_Work item_
Quote these lines exactly: the one that holds "今日は、楽器あそびをしました" and every line after it to the end of the material below. Skip pictures.

BEGIN Input records

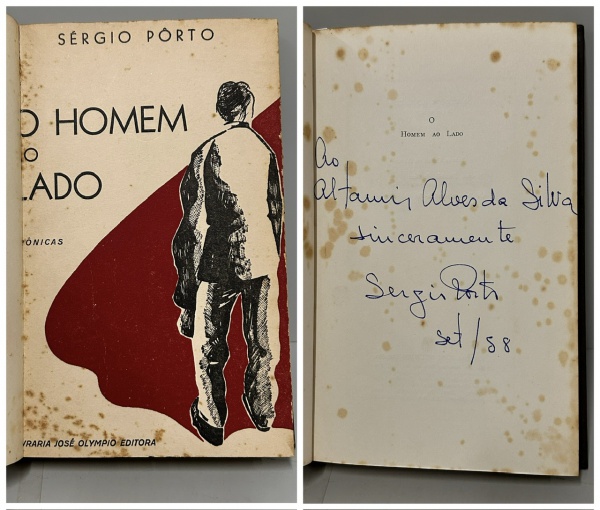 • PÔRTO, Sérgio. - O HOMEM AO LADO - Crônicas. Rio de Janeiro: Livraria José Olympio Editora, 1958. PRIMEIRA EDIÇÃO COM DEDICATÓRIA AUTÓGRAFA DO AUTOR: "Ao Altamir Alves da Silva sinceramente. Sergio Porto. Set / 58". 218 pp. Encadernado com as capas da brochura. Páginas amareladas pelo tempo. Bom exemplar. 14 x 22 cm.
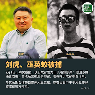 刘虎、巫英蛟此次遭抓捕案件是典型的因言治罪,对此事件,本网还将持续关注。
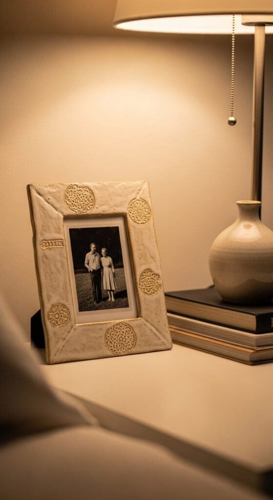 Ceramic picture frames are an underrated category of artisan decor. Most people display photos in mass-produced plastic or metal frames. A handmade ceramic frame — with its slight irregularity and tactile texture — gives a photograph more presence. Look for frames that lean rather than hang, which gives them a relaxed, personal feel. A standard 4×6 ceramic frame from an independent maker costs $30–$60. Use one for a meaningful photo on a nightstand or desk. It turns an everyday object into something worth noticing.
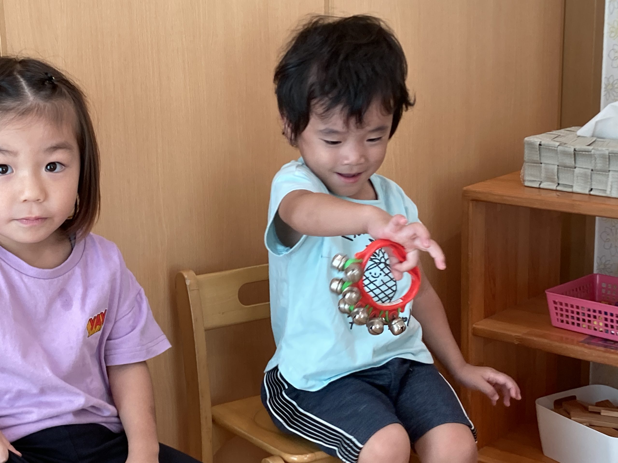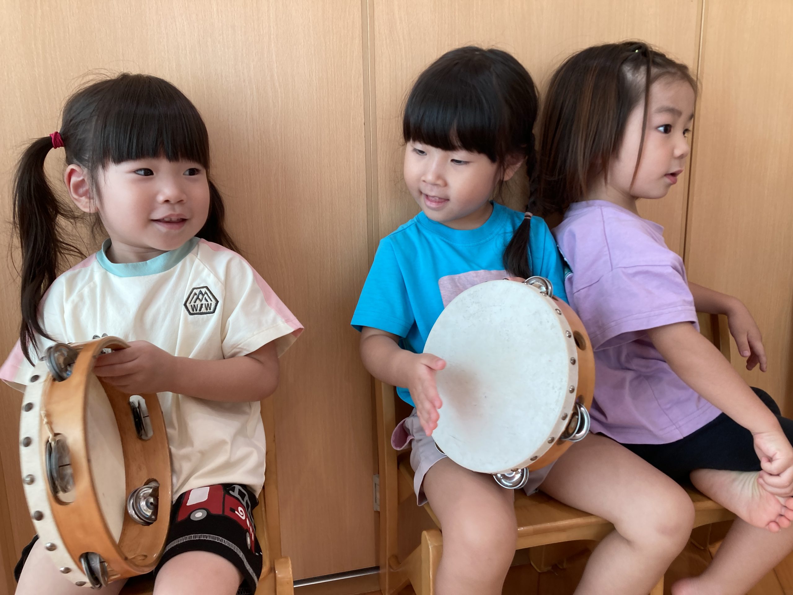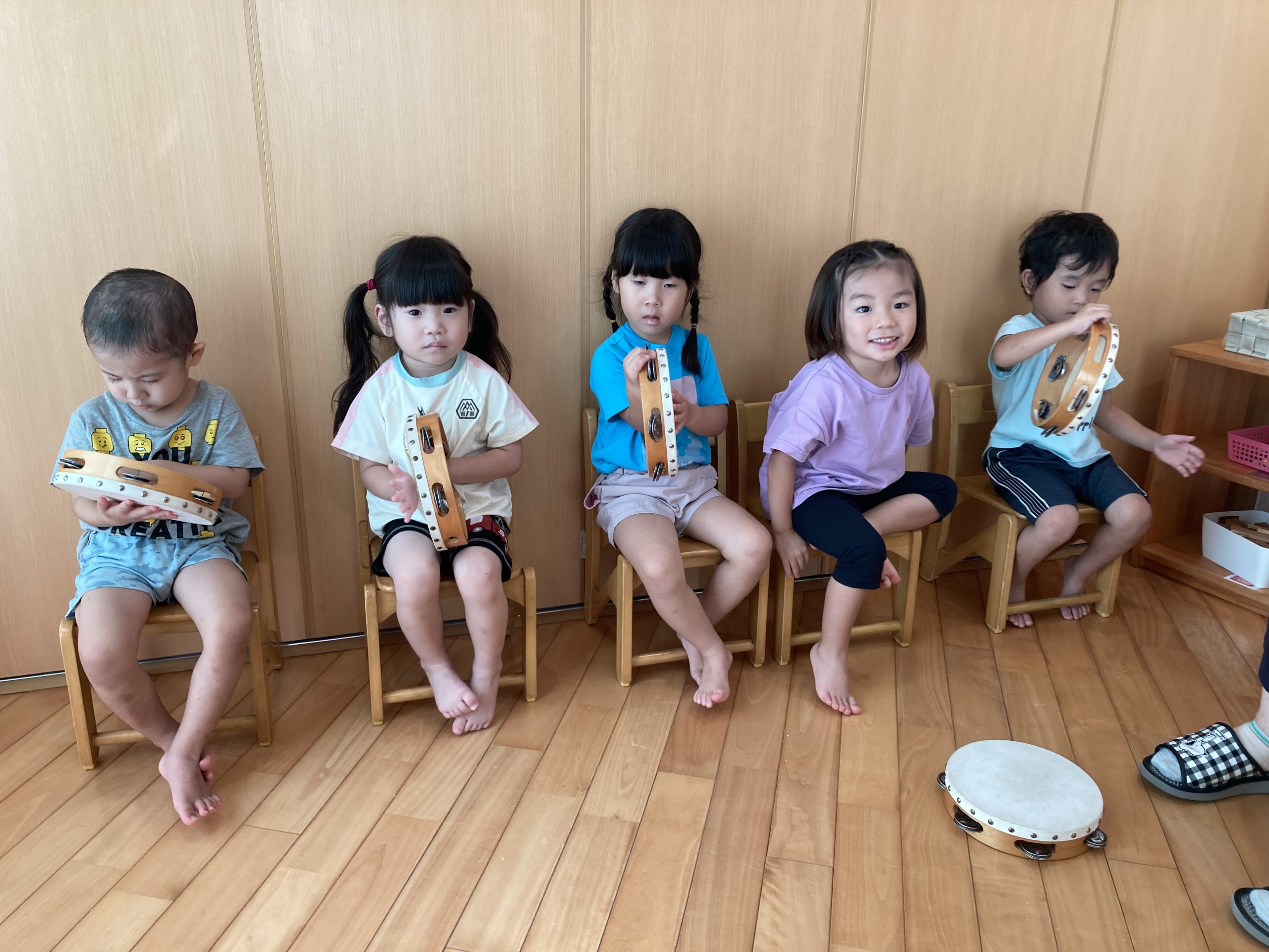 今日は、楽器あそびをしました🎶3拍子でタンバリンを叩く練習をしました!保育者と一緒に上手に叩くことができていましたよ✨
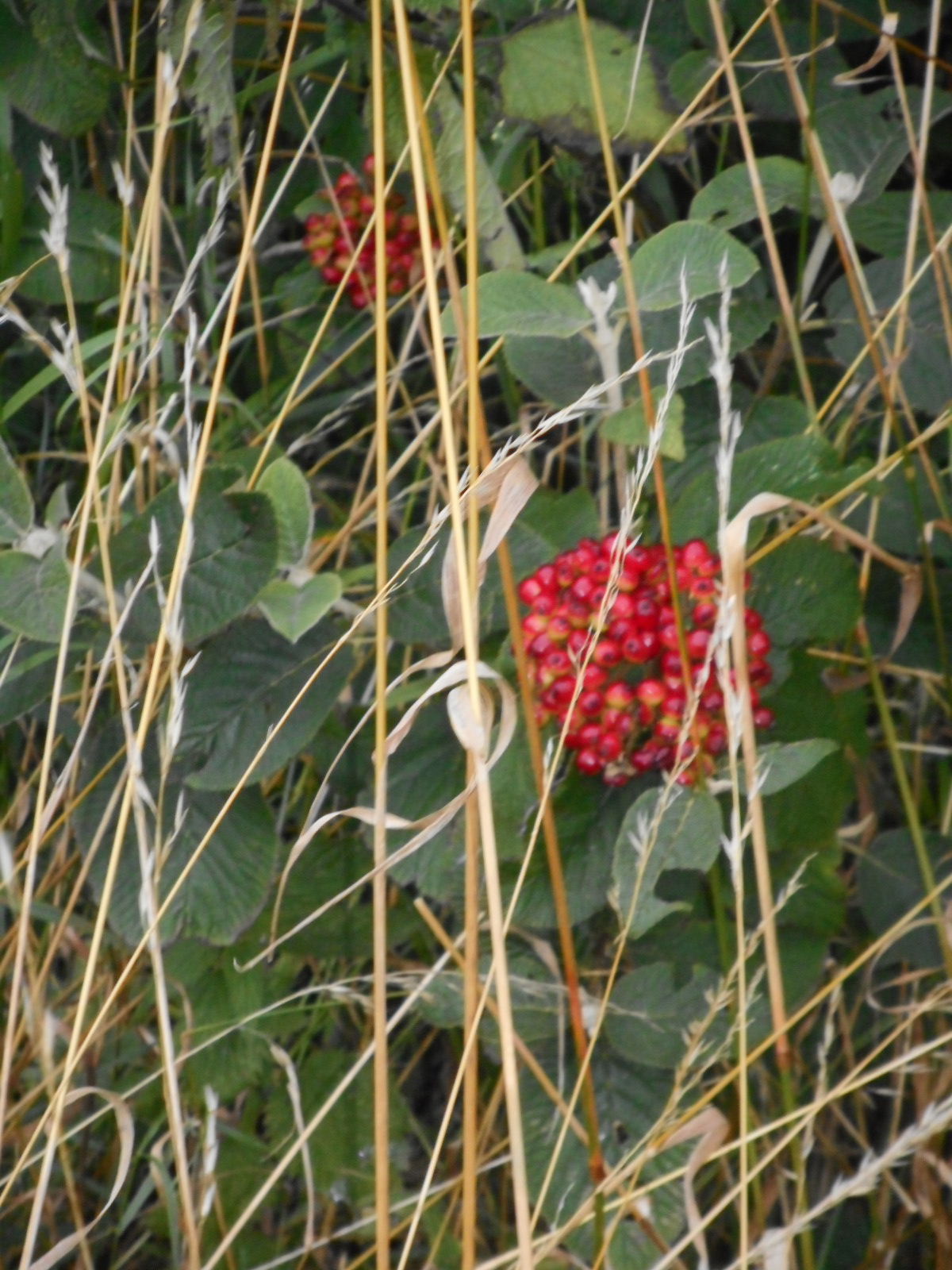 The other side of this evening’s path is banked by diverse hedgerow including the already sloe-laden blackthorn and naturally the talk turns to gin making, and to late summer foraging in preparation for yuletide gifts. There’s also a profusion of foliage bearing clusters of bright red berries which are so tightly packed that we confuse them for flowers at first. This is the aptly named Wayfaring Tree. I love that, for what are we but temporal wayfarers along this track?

END Input records

_Output for this task_
 今日は、楽器あそびをしました🎶3拍子でタンバリンを叩く練習をしました!保育者と一緒に上手に叩くことができていましたよ✨
 The other side of this evening’s path is banked by diverse hedgerow including the already sloe-laden blackthorn and naturally the talk turns to gin making, and to late summer foraging in preparation for yuletide gifts. There’s also a profusion of foliage bearing clusters of bright red berries which are so tightly packed that we confuse them for flowers at first. This is the aptly named Wayfaring Tree. I love that, for what are we but temporal wayfarers along this track?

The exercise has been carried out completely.